Exercise description:
Set down the first line below and each line after it, ending with the one that holds "EveshairportCafe Glueless 5×5". Pictures do not belong in the copy.

Collected data entries:
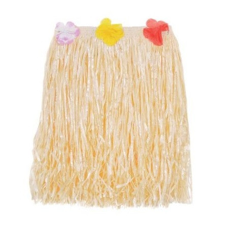 Let your little hula girl look her best with this Child Plastic Mini Hula Skirt! This natural raffia style skirt features fabric floral detail on the waist. Measures 12in x 22in. One size fits most children under 12.
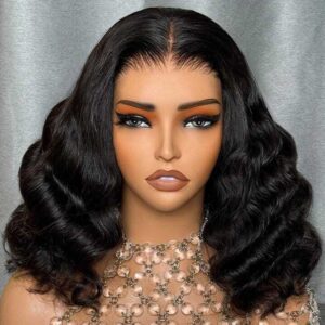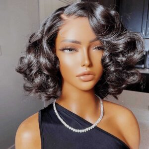 EveshairportCafe Glueless 5×5 Lace Closure Bob Loose Curly Wig
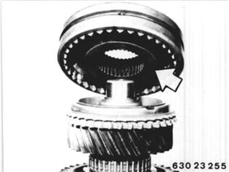 Press 2nd gear, needle bearing, synchromesh ring, guide sleeve, synchromesh ring, 1st gear, needle bearing with bearing bushing and bearing inner race off of output shaft. Check condition of all needle bearings, replacing if necessary. Check synchromesh rings (see 23 23 505). 23 23 505
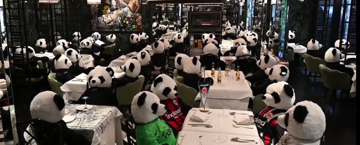 El propietario de un restaurante de Frankfurt está organizando una protesta contra el cierre del coronavirus en Alemania al llenar sus mesas con cien pandas de peluche, en un juego de palabras con la palabra "pandemia".
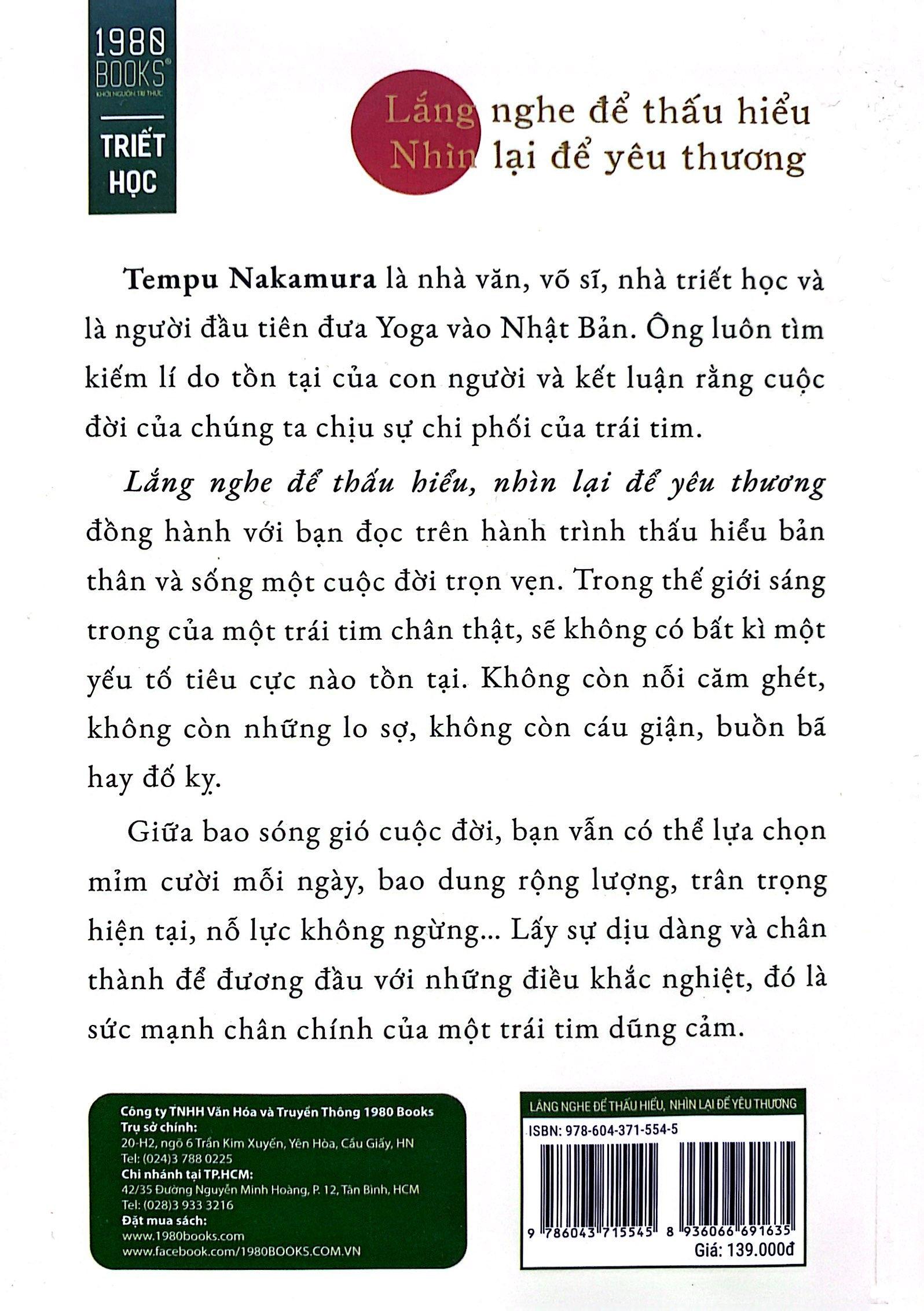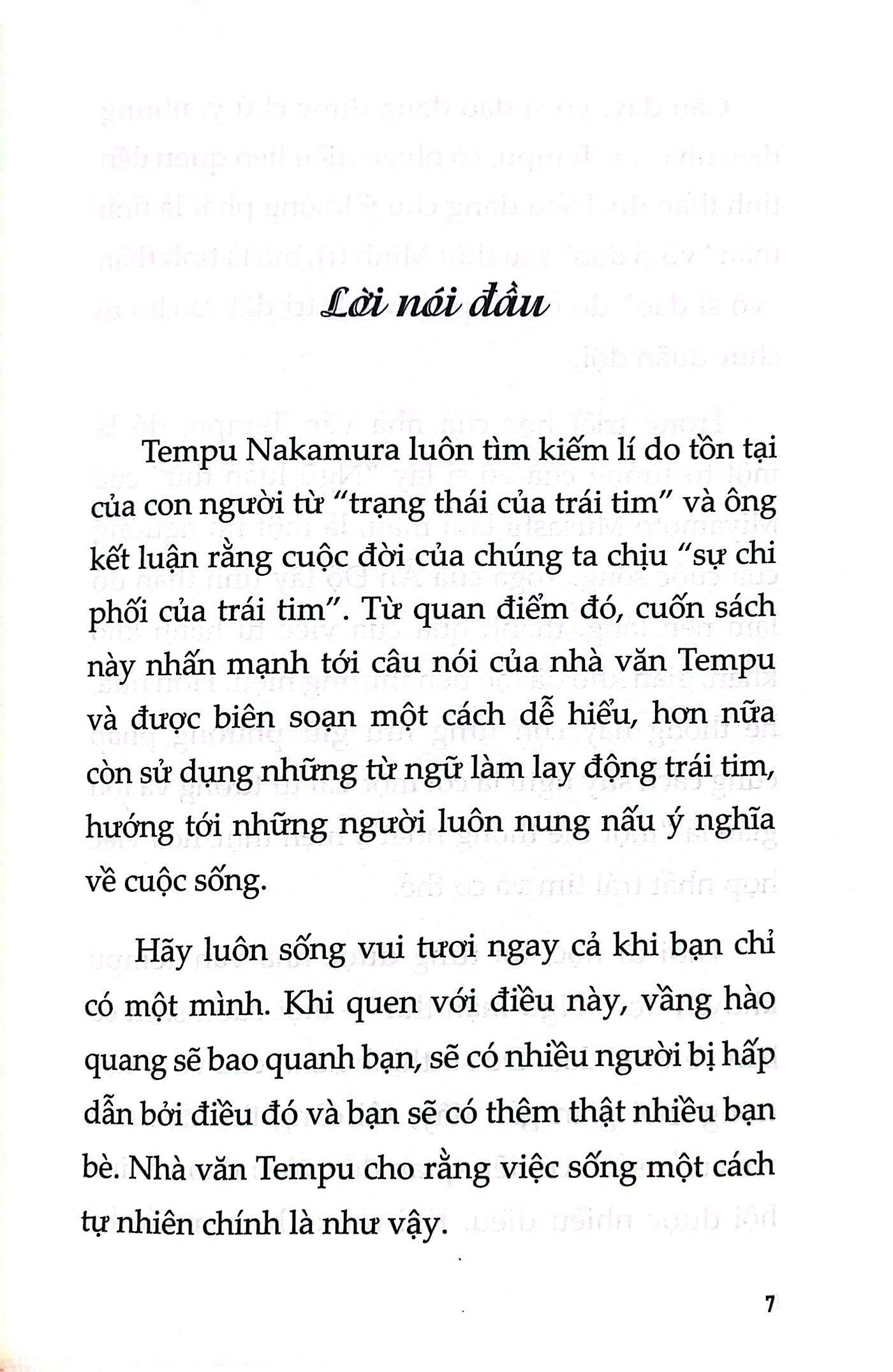 Tác giả Tempu Nakamura luôn tìm kiếm lí do tồn tại của con người từ “trạng thái của trái tim” và ông kết luận rằng cuộc đời của chúng ta chịu “sự chi phối của trái tim”. Từ quan điểm đó, cuốn sách “Lắng nghe để thấu hiểu, nhìn lại để yêu thương” này nhấn mạnh tới câu nói của nhà văn Tempu và được biên soạn một cách dễ hiểu, hơn nữa còn sử dụng những từ ngữ làm lay động trái tim, hướng tới những người luôn nung nấu ý nghĩa về cuộc sống. Hãy luôn sống vui tươi ngay cả khi bạn chỉ có một mình. Khi quen với điều này, vầng hào quang sẽ bao quanh bạn, sẽ có nhiều người bị hấp dẫn bởi điều đó và bạn sẽ có thêm thật nhiều bạn bè. Nhà văn Tempu cho rằng việc sống một cách tự nhiên chính là như vậy.

Result:
 Let your little hula girl look her best with this Child Plastic Mini Hula Skirt! This natural raffia style skirt features fabric floral detail on the waist. Measures 12in x 22in. One size fits most children under 12.
 EveshairportCafe Glueless 5×5 Lace Closure Bob Loose Curly Wig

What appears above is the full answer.